Which is to say, her article got me to thinking, and here are some of my thoughts:

1. I think it's admirable that today's senior-level women toughed it out and succeeded and struggled to balance careers and families. Kudos to them... 100%. Without them, women wouldn't be as prevalent in the workplace as they are today. These pioneers definitely paved the way for me and those coming up behind me. But why would they want their struggles to be for nothing? I think it's a little bit selfish to have an attitude of "everyone else should have to fight as I did to accomplish the same things." Isn't every generation supposed to want to make life easier for the next? Aren't we supposed to want to leave things better than we found them?

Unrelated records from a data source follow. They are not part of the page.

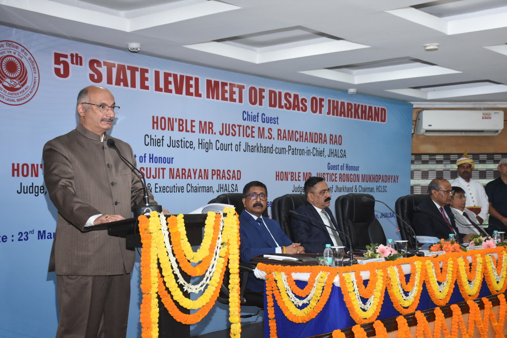 रांची. झारखंड हाइकोर्ट के चीफ जस्टिस एमएस रामचंद्र राव ने कहा कि मुझे जानकर प्रसन्नता हो रही है कि झालसा जरूरतमंद लोगों को विधिक सहायता के माध्यम से न्याय प्रदान करने में अच्छा काम कर रहा है. जिला विधिक सेवा प्राधिकरण (डालसा) विधिक सेवाएं प्रदान करने के लिए प्राथमिक संपर्क बिंदु है और जमीनी स्तर पर न्याय तक पहुंच प्रदान करने की आधारशिला है. डालसा उत्प्रेरक की भूमिका में वंचितों को न्याय दिलाने में सहायक बने. चीफ जस्टिस एमएस रामचंद्र राव रविवार को झालसा की ओर से आयोजित जिला विधिक सेवा प्राधिकरणों की पांचवीं राज्यस्तरीय बैठक को संबोधित कर रहे थे.
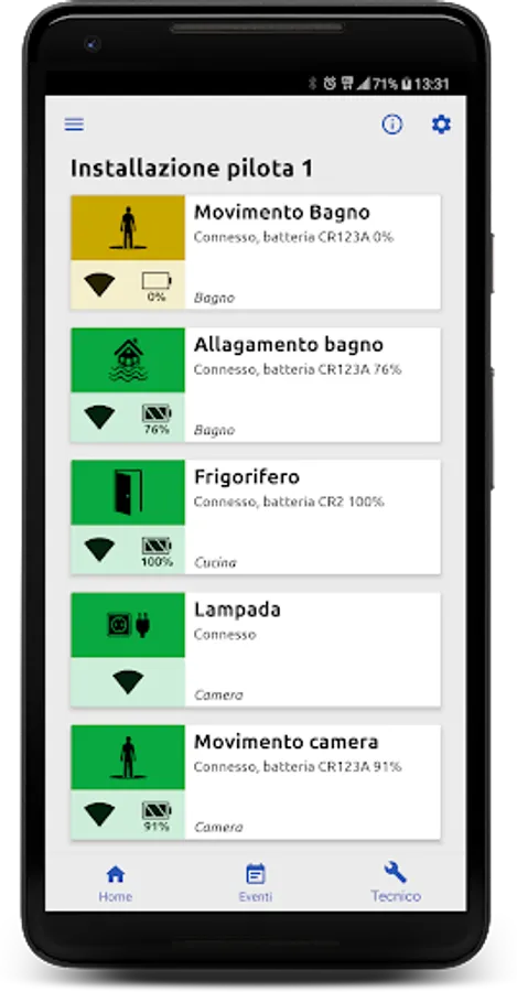 The WiMHome app allows you to continuously monitor a domestic environment, providing information on the regularity of the activities of the person who lives it and promptly reporting anomalies (bed left, possible fall, distress call, escape from the apartment, etc.).
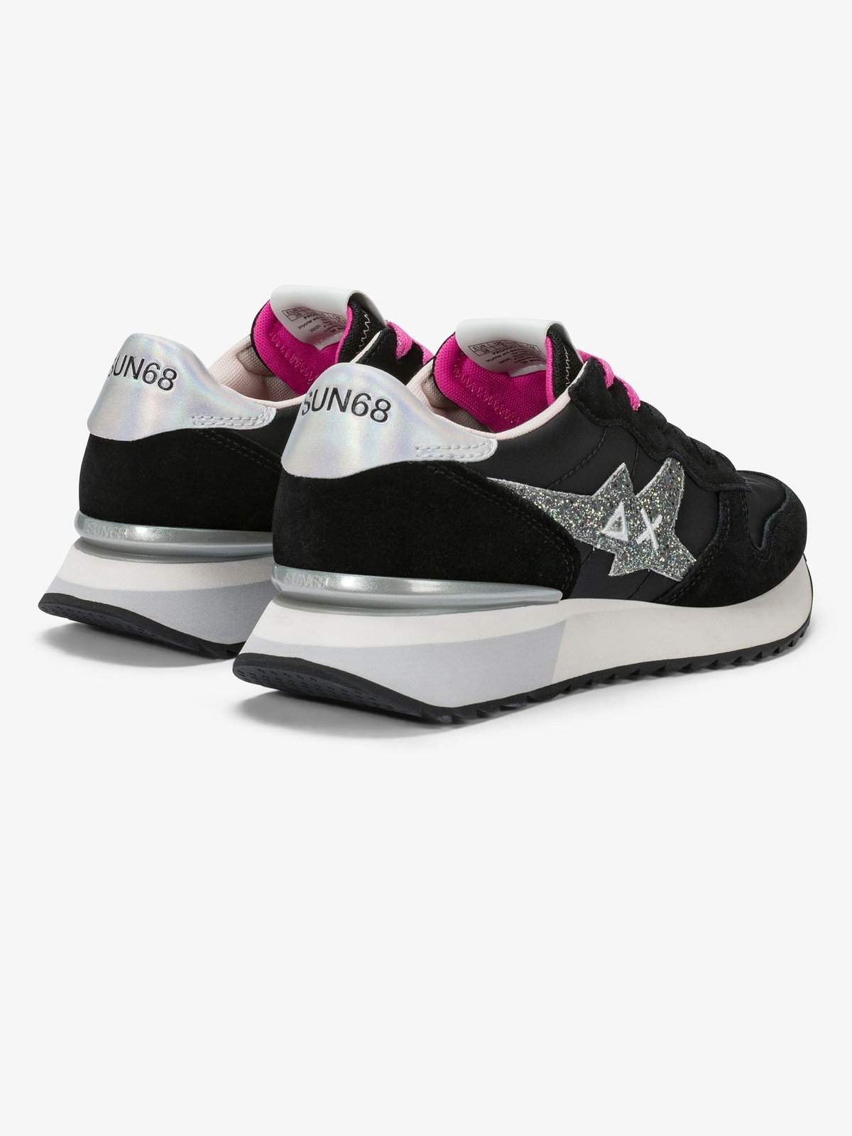 Innovativa, leggera ed estremamente femminile, Stargirl Glitter è la sneaker SUN68 che illumina i look quotidiani. La patch con glitter sul lato reinterpreta il logo in chiave moderna, definendo un'attitudine glam che si abbina con naturalezza alle borse della collezione.
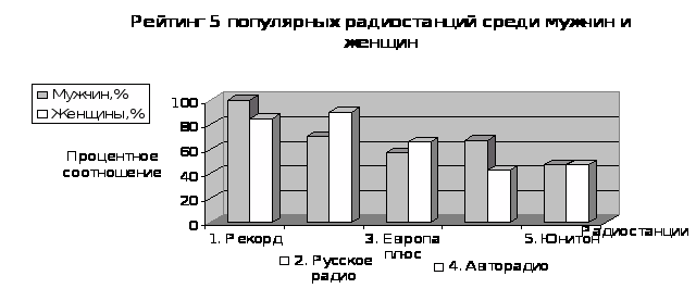 2. Популярность коммерческих радиостанций среди мужчин и женщин

2. Paying dues: Don't confuse what I said above, though. I still believe 100% in the importance of paying your dues and earning privileges. But there's a difference between earning the privilege of working on the more prestigious projects and earning the privilege of having a life out of work. We all DESERVE a life outside of work. We all DESERVE work-life balance. (And, if we're being honest with ourselves, we all work better when we have that work-life balance.)

3. Flex time: If an employee can work on flex time -- can leave at 4 p.m. to make their exercise class or take their kid to soccer practice and then log on later that night to finish their work and meet any deadlines -- then why do we care when it's done? There's too much focus on how long someone works vs. how well they work or whether they do their job and do it well. The focus should always be on the end product, not on how long it took someone to get there. And shouldn't there be some reward for being productive?

I'm blessed right now with a boss who understands all this and who I think would agree with my sentiments. She judges me by the value of my work, not by the hours I sit in front of the computer. (Though I will admit that, right now, I definitely work beyond my official "work day," it's just that often that work is at home.) But I've also had many who haven't. And I've encountered more than one (older) co-worker who has issue with bosses that give leniency to the younger workers... or, in some cases, to any workers.

So my point? Pay your dues. Work hard. Do your job and do it well. And if you're a boss? Well, think about making your employees' work life better than your own.